The CA has outsourced positions in the past. Currently workers in India design some of the ads that appear in the newspaper. “And workers in Memphis end up fixing their mistakes,” Connolly says.
The Guild has yet to craft a formal response and, according to Connolly, no date has been set for the next contract bargaining meeting. The organization is now considering its options and is working to educate the public about what’s in the final offer and what it might mean for employees -- and the newspaper's readers and advertisers.
The CA's most recent offer includes immediate employee raises of 4 percent, 3 percent one year later, and 2 percent a year after that. That should be welcome news, considering the number of years Guild employees have gone without a raise.
“That might seem like good news, especially in a weak economy,” Connolly says. “But the bad news is that the company wants the right to fire everyone and outsource everything. And a 4 percent raise on a salary of zero is zero.”
The CA has seen numerous layoffs in recent years. Like many over-leveraged American newspaper companies, the newspaper's parent company, E.W. Scripps Co. has been engaged in a steady process of outsourcing and consolidation.
Some of the company's accounting work has been turned over the Indian company Infosys. Connolly says the Scripps chain is also centralizing its copy editing and design operations. “Those jobs are particularly vulnerable to future outsourcing,” he says, noting that those are some of the areas hardest hit by layoffs. It's the Guild's opinion that the outsourcing of these positions hasn’t happened yet because of the current contract.
In the past, the Guild has become increasingly concerned with the amount of editorial work being done by freelancers. “Every time you see the phrase “special to The Commercial Appeal” in a reporter’s byline, you’re reading work by someone who doesn’t receive health insurance and other benefits from The Commercial Appeal,” Connolly says, adding that that the company’s use of freelancers is currently pushing “the outer limits” of what the contract allows. "Special to The Commercial Appeal” may also indicate that an article has been submitted by a reader or a publicist, not a professional freelance writer. Those contributors are unpaid.

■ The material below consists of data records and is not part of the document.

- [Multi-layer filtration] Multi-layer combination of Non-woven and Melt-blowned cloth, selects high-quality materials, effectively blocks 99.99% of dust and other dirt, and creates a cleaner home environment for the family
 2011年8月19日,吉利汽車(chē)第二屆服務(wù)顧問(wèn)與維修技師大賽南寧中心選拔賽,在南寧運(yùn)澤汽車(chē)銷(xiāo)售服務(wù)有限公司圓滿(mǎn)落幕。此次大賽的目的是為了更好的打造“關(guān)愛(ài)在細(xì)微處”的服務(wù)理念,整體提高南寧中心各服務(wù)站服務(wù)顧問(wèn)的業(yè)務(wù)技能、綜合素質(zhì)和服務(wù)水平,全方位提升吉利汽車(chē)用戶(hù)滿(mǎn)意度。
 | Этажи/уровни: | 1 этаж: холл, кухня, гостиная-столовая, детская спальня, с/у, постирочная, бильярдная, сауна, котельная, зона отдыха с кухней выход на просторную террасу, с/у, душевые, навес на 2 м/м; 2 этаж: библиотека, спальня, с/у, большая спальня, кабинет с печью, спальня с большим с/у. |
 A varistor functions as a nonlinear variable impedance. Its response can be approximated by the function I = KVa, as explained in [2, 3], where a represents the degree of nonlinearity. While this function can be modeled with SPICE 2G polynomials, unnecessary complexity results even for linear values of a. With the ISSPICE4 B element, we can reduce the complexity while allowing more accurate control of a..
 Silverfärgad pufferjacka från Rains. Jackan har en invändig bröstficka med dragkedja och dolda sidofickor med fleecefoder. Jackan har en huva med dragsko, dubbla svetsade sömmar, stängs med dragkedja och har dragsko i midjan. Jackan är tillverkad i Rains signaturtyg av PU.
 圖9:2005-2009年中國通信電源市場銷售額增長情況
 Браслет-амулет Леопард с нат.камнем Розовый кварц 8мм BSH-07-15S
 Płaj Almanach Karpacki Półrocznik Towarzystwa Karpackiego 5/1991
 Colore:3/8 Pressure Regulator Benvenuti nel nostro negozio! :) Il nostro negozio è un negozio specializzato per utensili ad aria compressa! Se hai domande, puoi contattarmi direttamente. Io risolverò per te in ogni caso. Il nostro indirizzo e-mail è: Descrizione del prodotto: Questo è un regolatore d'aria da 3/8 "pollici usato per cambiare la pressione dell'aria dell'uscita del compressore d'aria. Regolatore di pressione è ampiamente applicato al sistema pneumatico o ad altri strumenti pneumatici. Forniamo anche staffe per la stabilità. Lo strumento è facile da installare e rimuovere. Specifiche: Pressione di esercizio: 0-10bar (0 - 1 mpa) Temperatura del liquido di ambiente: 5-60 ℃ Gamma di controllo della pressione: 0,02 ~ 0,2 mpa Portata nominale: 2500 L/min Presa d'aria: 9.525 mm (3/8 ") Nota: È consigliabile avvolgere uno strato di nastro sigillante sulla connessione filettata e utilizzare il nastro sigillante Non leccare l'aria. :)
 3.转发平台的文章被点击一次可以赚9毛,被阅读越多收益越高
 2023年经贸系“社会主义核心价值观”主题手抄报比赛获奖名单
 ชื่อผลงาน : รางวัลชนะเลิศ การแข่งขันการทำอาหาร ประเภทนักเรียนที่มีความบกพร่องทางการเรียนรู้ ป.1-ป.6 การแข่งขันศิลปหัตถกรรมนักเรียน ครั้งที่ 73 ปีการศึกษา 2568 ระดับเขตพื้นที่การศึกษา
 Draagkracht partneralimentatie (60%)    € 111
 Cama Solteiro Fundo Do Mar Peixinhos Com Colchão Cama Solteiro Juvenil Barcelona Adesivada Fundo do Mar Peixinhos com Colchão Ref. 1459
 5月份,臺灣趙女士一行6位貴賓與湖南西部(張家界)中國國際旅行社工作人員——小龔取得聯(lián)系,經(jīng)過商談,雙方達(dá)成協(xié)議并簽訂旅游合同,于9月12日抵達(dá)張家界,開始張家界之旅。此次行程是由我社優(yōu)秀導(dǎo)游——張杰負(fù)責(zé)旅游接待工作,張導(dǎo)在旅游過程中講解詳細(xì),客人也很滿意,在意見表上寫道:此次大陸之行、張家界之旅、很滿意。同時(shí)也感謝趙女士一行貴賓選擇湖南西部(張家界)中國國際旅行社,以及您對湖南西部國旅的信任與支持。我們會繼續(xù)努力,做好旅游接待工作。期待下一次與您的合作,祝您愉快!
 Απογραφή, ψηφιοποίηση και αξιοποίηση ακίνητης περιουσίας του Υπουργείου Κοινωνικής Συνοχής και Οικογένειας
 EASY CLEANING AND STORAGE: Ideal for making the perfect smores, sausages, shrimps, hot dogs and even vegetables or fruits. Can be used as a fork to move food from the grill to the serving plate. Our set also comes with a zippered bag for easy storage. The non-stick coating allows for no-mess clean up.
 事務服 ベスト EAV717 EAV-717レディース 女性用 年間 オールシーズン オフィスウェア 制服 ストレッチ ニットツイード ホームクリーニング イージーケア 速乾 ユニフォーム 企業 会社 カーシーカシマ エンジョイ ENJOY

“I personally believe the company has crossed the line,” he says. “We believe that the outsourcing of news work to freelancers would accelerate if the company receives the unlimited right to do it. Staff reporters like me would likely be laid off, lose our health insurance and other benefits, and be told that we could continue as freelancers.
“On a personal note, I want to add that I have a wonderful job and I have good bosses, and that I want The Commercial Appeal to succeed,” Connolly says. “And there’s a way to make that happen that doesn’t involve mass layoffs and shipping out jobs to other countries and states.”
In addition to layoffs, in recent years the CA has scaled back its home delivery operations and shrunk the size of its physical product. Company representatives have repeatedly told employees that in spite of decreased ad revenue it continues to be profitable.